Suddenly Luke, an up-and-coming comedian known for his skilful mimicry, starts to get gigs around Britain, in places that happen to correspond with the diary. And soon there are strange folk appearing at his shows, always standing in the back, twisting their hands in unnatural positions, as if signalling some secret sign. They seem to want something, and as it happens, Luke’s girlfriend Sophie is pregnant.
The Kind Folk is Campbell at his very best; it’s built on a solid mythological foundation that’s familiar enough to feel real.

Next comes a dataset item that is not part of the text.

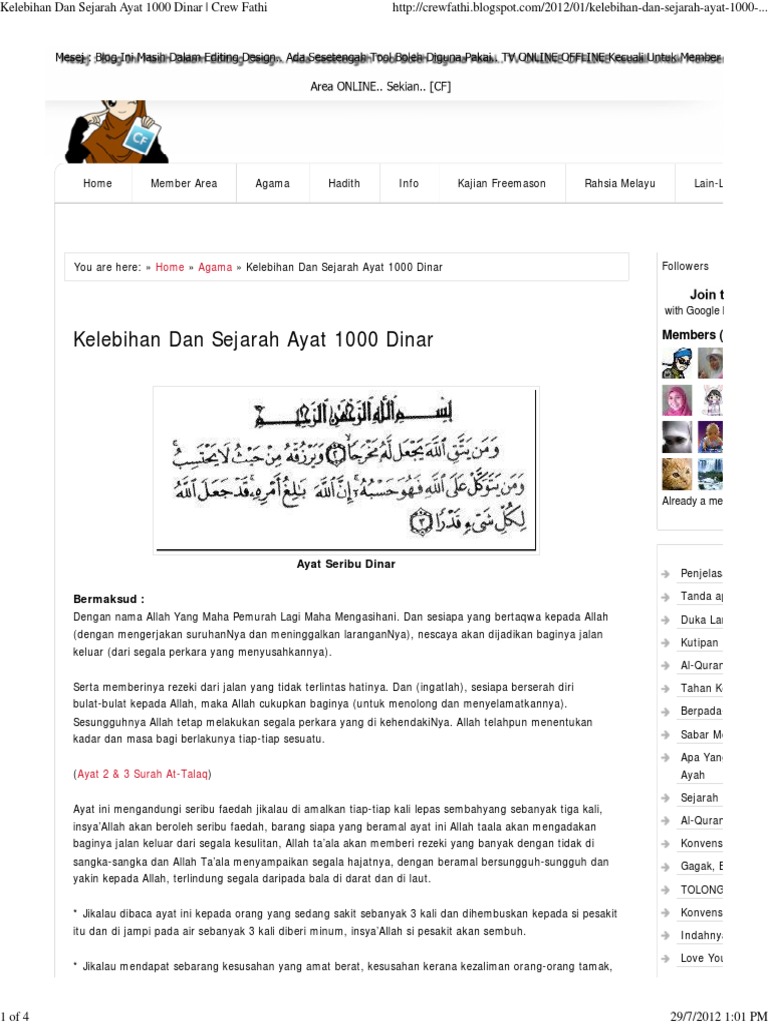 Dewa Copy Paste Kelebihan Dan Hikmat Ayat Seribu Dinar

The silent, elongated shadows are classic Campbell, creatures that always appear in the distance, half-glimpsed, so that they could be just ordinary youths loitering around – at least until they scurry away on all four limbs or some other craziness.
There’s also the humour, as usual, striking a perfect balance with the horror; almost every sentence feels like a wound-up jack-in-the-box, ready to be sprung on the reader with a twist that might turn everything that came before it on its head. The relatively short length of the novel is just right; the narrative is rich, but nothing is overextended. Every chapter is in its right place.
And as Luke’s journey progresses, the atmosphere goes up a notch or two. The dark city streets, the ruins of abandoned houses, the lonely places of the world where something old still lingers – the night is deep and dark and full of scares, but there’s also a lot of beauty in these shadowy, almost wistful passages.
The novel ends with a perfect note of awe and wonder, as another generation steps forward. The fairies might’ve retreated back into the shadows, but with books like The Kind Folk, there’s still plenty of magic left in the world.